Побледневшая Китишейн в упор смотрела на Кьюлаэру, обняв Луа, а Йокот, как ни странно, лишь насупился и слушал с мрачным интересом.
— Каким ужасам подвергли тебя люди, Кьюлаэра, что ты поверил подобным вракам?
Кьюлаэра замахнулся для удара, но амулет на его шее похолодел, да и посох Миротворца усмиряюще взметнулся. Негодяй медленно опустил руку, но пробурчал:
— Это не враки, а единственная правда на свете, признать которую людям недостает смелости!
Йокот перевел взгляд с Кьюлаэры на Миротворца:
— Похоже, он и в самом деле в это верит.
— А вам с чего верить в обратное?
Кьюлаэра старался не выдать раздражения — без особого успеха, но сама попытка была для него внове.
— Я сужу по собственному опыту, — объяснил Йокот. — Другие помогали мне также потому, что я живу с ними в одной деревне, некоторые из них при этом не особо-то меня жаловали. И я тоже им помогал.
— То-то и оно! Каждый старается для себя! — Кьюлаэра ткнул в него пальцем. — Они помогают тебе лишь на тот случай, что им когда-нибудь понадобится твоя помощь, и ты делаешь точно так же!
— Здесь есть правда, — отметил Миротворец. — Деревня, где люди не помогают друг другу, долго не протянет: один за другим ее жители вымирают. Ну а это означает, что выживут лишь те, кто помогает другим.
— Вот-вот, а те, кому односельчане не захотят помогать, будут изгнаны!
Злоба кипела в душе Кьюлаэры, и он был потрясен, увидев ее отражение в глазах Китишейн. Что она знает об изгнании? Он задумался на мгновение, почему она охотилась одна-одинешенька в лесу, когда застала его за избиением гномов.
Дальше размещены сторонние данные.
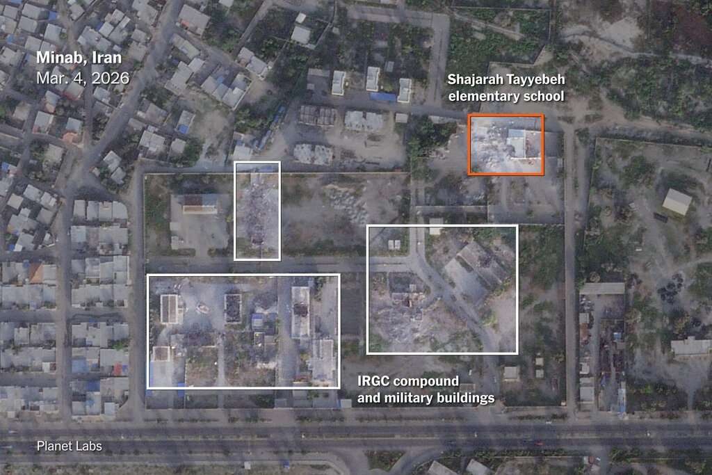 先月28日のアメリカとイスラエルによる先制攻撃では、イラン南部にある革命防衛隊の海軍関連施設が攻撃を受けていて、衛星写真ではそのすぐ横にある小学校が大きく破壊されているのが確認されています。
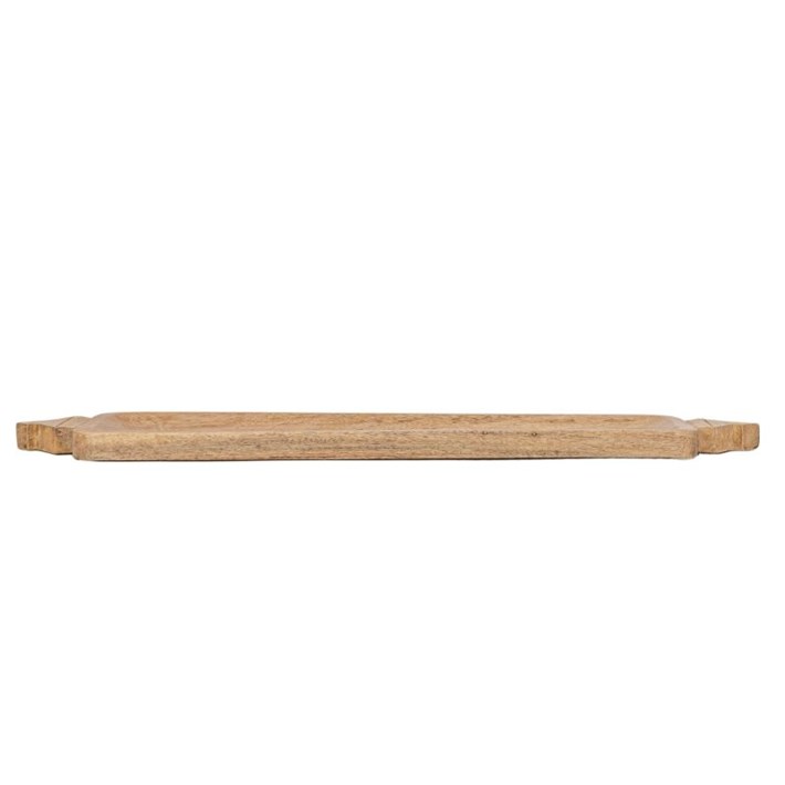 Crafted from natural mango wood, this exclusive design from Foreside Home & Garden is inspired by vintage parat bowls from India. The long rectangular tray features two intricately carved architectural handles, adding a touch of boho chic to your entertaining space. Use it as a serving tray for guests, or as a stylish coffee table accent. You can also display flameless candles or small potted plants on it for a stunning table centerpiece. Versatile and unique, this mango wood tray is a must-have for any home decor enthusiast.
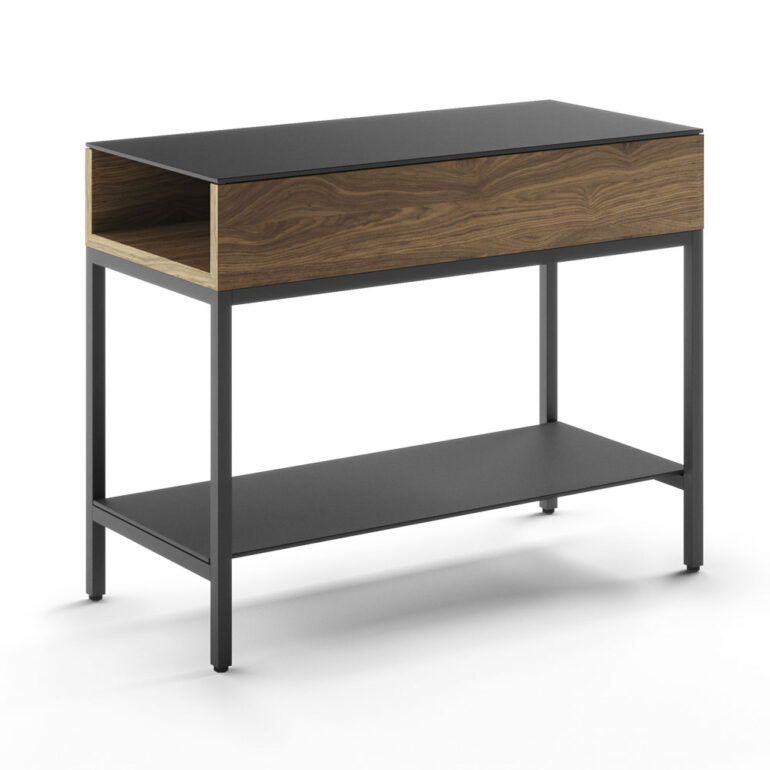 The slender yet highly versatile Reveal 1196 end table coordinates perfectly with various seating and living room configurations. Available in three finishes, the table’s tempered glass top and lower shelf are ideal for sofa-side display, while a unique divided compartment provides storage and concealed cable management. Partner with the Reveal 1192 lift-top coffee table to create a beautifully functional table grouping for work and relaxation.

Странно, что он никогда прежде об этом не думал.
А Миротворец медленно кивнул:
— Скорее всего именно так: с течением времени вместе останутся те люди, которые чувствуют насущную потребность помогать тем, кто попал в беду, а изгнанники станут вымирать, не оставляя потомства, так что в человеческой расе будет оставаться все больше и больше рожденных помогать друг другу.
— Что за старушечья байка? — презрительно осведомился Кьюлаэра.
— Не старушечья байка, а миф о богах. — Йокот явно решил не откликаться на злобу Кьюлаэры в этот вечер. — Твои родители никогда не рассказывали тебе о герое Огерне, о том, как он повел шакалоголовых и кочевников на войска Багряного бога?
— Как это связано с тем, зачем люди творят зло? — поинтересовался Кьюлаэра.
— Значит, ты об этом не слышал?
— Слышал и вовсе не желаю снова это выслушивать! Только начни болтать, малявка, и я...
Миротворец стукнул его, Кьюлаэра умолк, у него закружилась голова, а слова мудреца звоном отдались в ушах.
— Расскажи предание, как ты его помнишь, Йокот. Думаю, это пойдет ему на пользу.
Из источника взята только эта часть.